THX for the 'scope disgram and notes. How long is the period of waiting for the next 22.2 ms frame to begin? I return to wondering why this isn't basically eliminating any effect of one interval on the next.

This may be more important than the regularity 404 cycles of the glitch, and is truly the stuff of nightmares.

I repeat my suggestion to get the compiler to tell you as much as possible about the code, it feels like something that should be isn't getting set up right from the start.

a7

On the Arduino Due, Direct Memory Access (DMA) allows efficient data transfer between memory and peripherals like UART without CPU intervention.

For this to work it involves configuring the DMA controller and UART settings, setting up a DMA channel to handle data transfers, enabling UART to generate DMA requests, starting the DMA transfer, and optionally handling completion through interrupts. I’m assuming this is done correctly since the OP hints this part is working.

This process is not the one we typically see with the Serial class

@J-M-L this is my understanding as well.

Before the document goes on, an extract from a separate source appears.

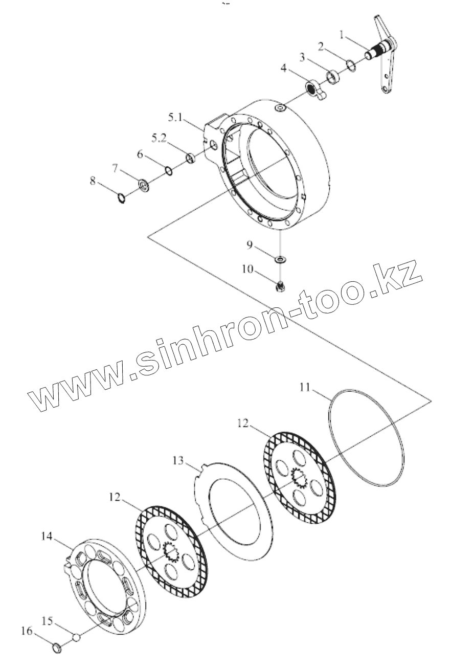 Каталог запасных частей к технике: Foton TB454-Q161Y20K. TB504.432 RIGHT BRAKE ASSEMBLY

Solidify my confidence by wondering with me if the check for ready is never done, that is to say that when the buffer send lever is pulled, it is always ready, like if you waited 10 milliseconds between characters going out at 115200.

Here the snippet you eliminated with your simpler logical equivalent:

        } else{
            //wait until ready
            while(!(*p_UART_SR & TXBUFE)){
                ;
            }

This is consistent with @swallace23's assertion about the diagnostic pin wiggle surrounding the busy-wait

gets nothing on the oscilloscope.

which at first I took to mean was unremarkable, but now I see as literal - just doesn't happen, no positive pulse, never busy waits.

a7

I think testing (*p_UART_SR & TXBUFE) is not appropriate for DMA controlled transfers.

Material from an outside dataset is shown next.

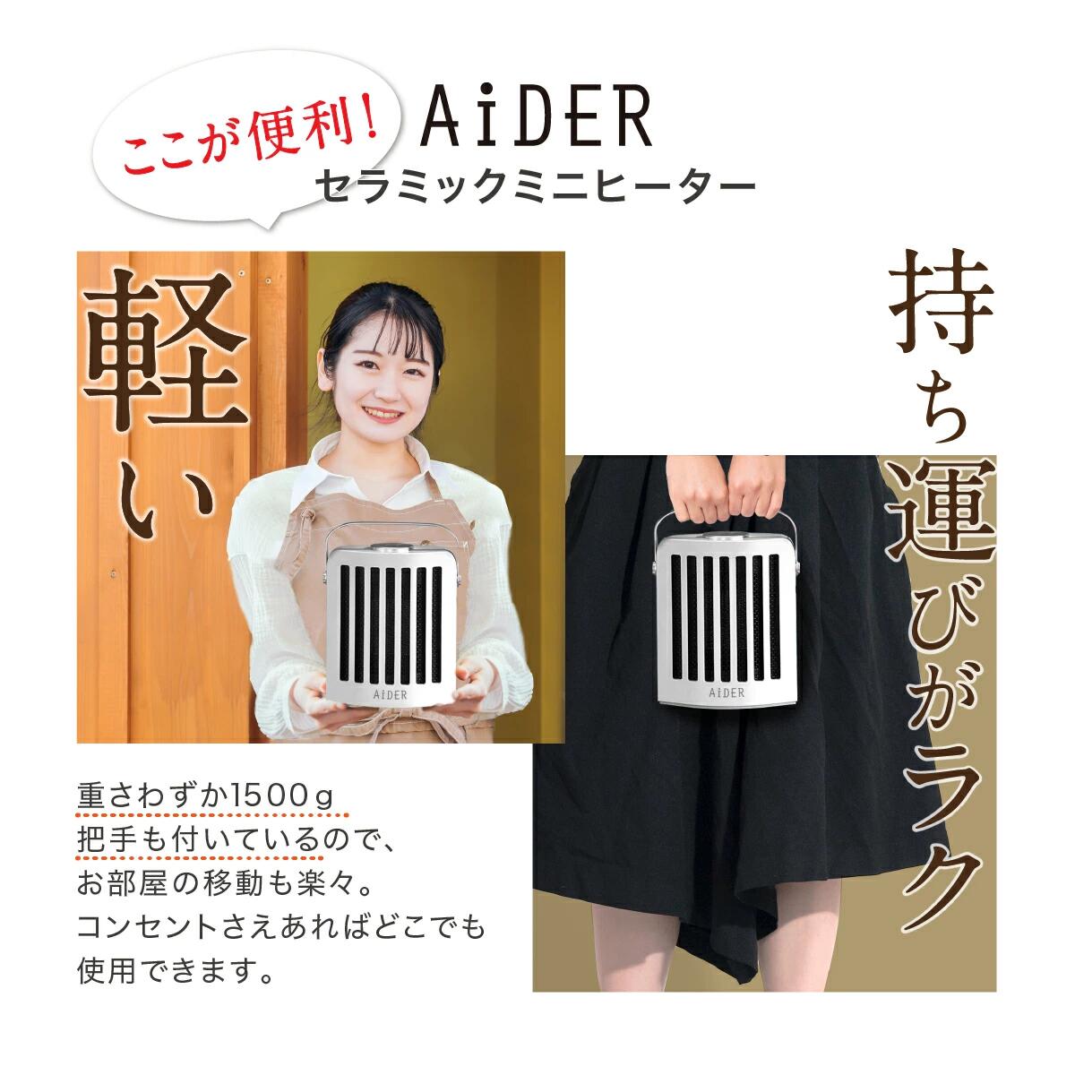トイレや脱衣所のような狭い個室に置くなら、AIDERセラミックミニヒーターがぴったりです。

If I remember correctly you would typically need to check the status of the DMA controller rather than the UART status registers (probably the Channel Status Register - DMAC_CHSR)

I concur. I haven't used DMA on the AVR family but I have on others. It's typically done by configuring DMA, enabling a "done" interrupt and then dispatching the DMA operation and getting on with life. When the DMA operation is done, the interrupt is asserted. No busy waiting should ever be needed.